Leptin signaling modulates the activity of urocortin 1 neurons in the mouse nonpreganglionic Edinger-Westphal nucleus.

机构信息

Department of Cellular Animal Physiology, Donders Institute for Brain, Cognition and Behaviour, Radboud University Nijmegen, 6500 GL Nijmegen, The Netherlands.

出版信息

Endocrinology. 2011 Mar;152(3):979-88. doi: 10.1210/en.2010-1143. Epub 2011 Jan 5.

Abstract

A recent study systematically characterized the distribution of the long form of the leptin receptor (LepRb) in the mouse brain and showed substantial LepRb mRNA expression in the nonpreganglionic Edinger-Westphal nucleus (npEW) in the rostroventral part of the midbrain. This nucleus hosts the majority of urocortin 1 (Ucn1) neurons in the rodent brain, and because Ucn1 is a potent satiety hormone and electrical lesioning of the npEW strongly decreases food intake, we have hypothesized a role of npEW-Ucn1 neurons in leptin-controlled food intake. Here, we show by immunohistochemistry that npEW-Ucn1 neurons in the mouse contain LepRb and respond to leptin administration with induction of the Janus kinase 2-signal transducer and activator of transcription 3 pathway, both in vivo and in vitro. Furthermore, systemic leptin administration increases the Ucn1 content of the npEW significantly, whereas in mice that lack LepRb (db/db mice), the npEW contains considerably reduced amount of Ucn1. Finally, we reveal by patch clamping of midbrain Ucn1 neurons that leptin administration reduces the electrical firing activity of the Ucn1 neurons. In conclusion, we provide ample evidence for leptin actions that go beyond leptin's well-known targets in the hypothalamus and propose that leptin can directly influence the activity of the midbrain Ucn1 neurons.

摘要

最近的一项研究系统地描述了长形式瘦素受体(LepRb)在小鼠大脑中的分布,并显示在中脑腹侧前区的非节前 Edinger-Westphal 核(npEW)中存在大量 LepRb mRNA 表达。
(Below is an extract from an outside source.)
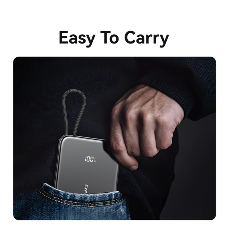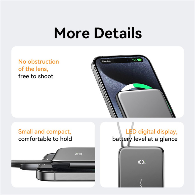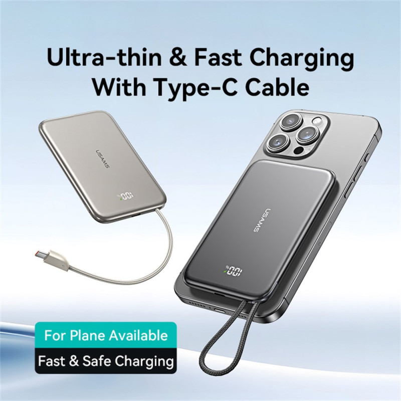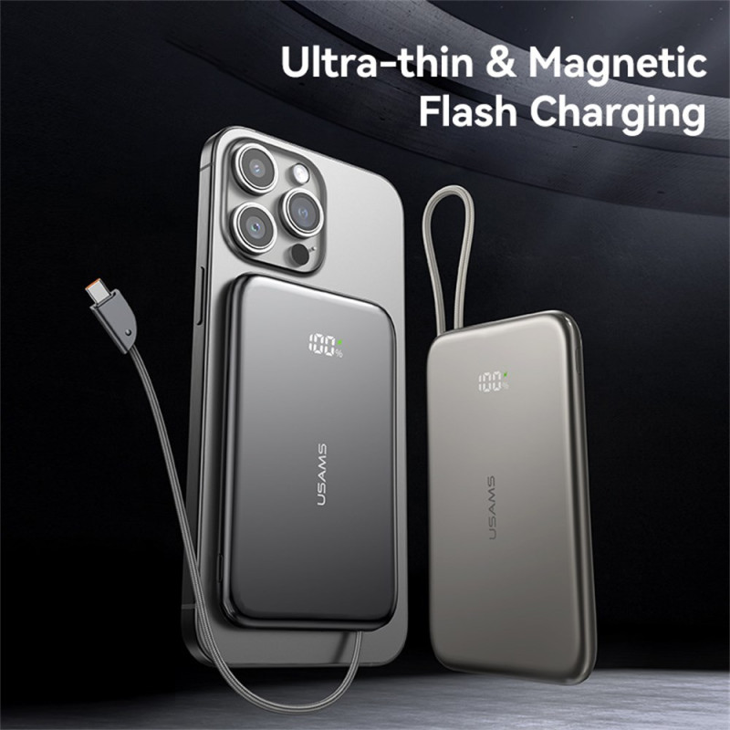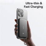 Tässä 5000 mAh:n magneettisessa ulkoisessa akussa yhdistyvät ohuus ja suorituskyky yksinkertaiseen ja mukavaan jokapäiväiseen käyttöön. Sen erittäin ohut muotoilu sujahtaa helposti taskuun, ja integroidun Type-C-kaapelin ansiosta sen voi ladata ilman lisävarusteita. 20 W:n pikalataus takaa tehokkaan virransyötön, ja LED-näyttö antaa tarkan lukeman energiatasosta. Magneettikiinnityksen ansiosta se istuu luonnollisesti yhteensopiviin laitteisiin. Sisäänrakennetut suojat takaavat turvallisen käytön myös pitkittyneen latauksen aikana.

该核是啮齿动物大脑中大多数 Ucn1 神经元的宿主,并且由于 Ucn1 是一种有效的饱腹感激素,并且 npEW 的电损伤强烈减少食物摄入,我们假设 npEW-Ucn1 神经元在瘦素控制的食物摄入中起作用。在这里,我们通过免疫组织化学显示,在小鼠中,npEW-Ucn1 神经元含有 LepRb,并对瘦素处理做出反应,体内和体外均诱导 Janus 激酶 2-信号转导和转录激活因子 3 通路。此外,全身给予瘦素可显著增加 npEW 中的 Ucn1 含量,而在缺乏 LepRb 的小鼠(db/db 小鼠)中,npEW 中 Ucn1 的含量则大大减少。最后,我们通过对中脑 Ucn1 神经元进行膜片钳记录显示,瘦素处理可降低 Ucn1 神经元的电活动。总之,我们提供了充分的证据表明瘦素的作用超出了瘦素在下丘脑的已知靶点,并提出瘦素可以直接影响中脑 Ucn1 神经元的活性。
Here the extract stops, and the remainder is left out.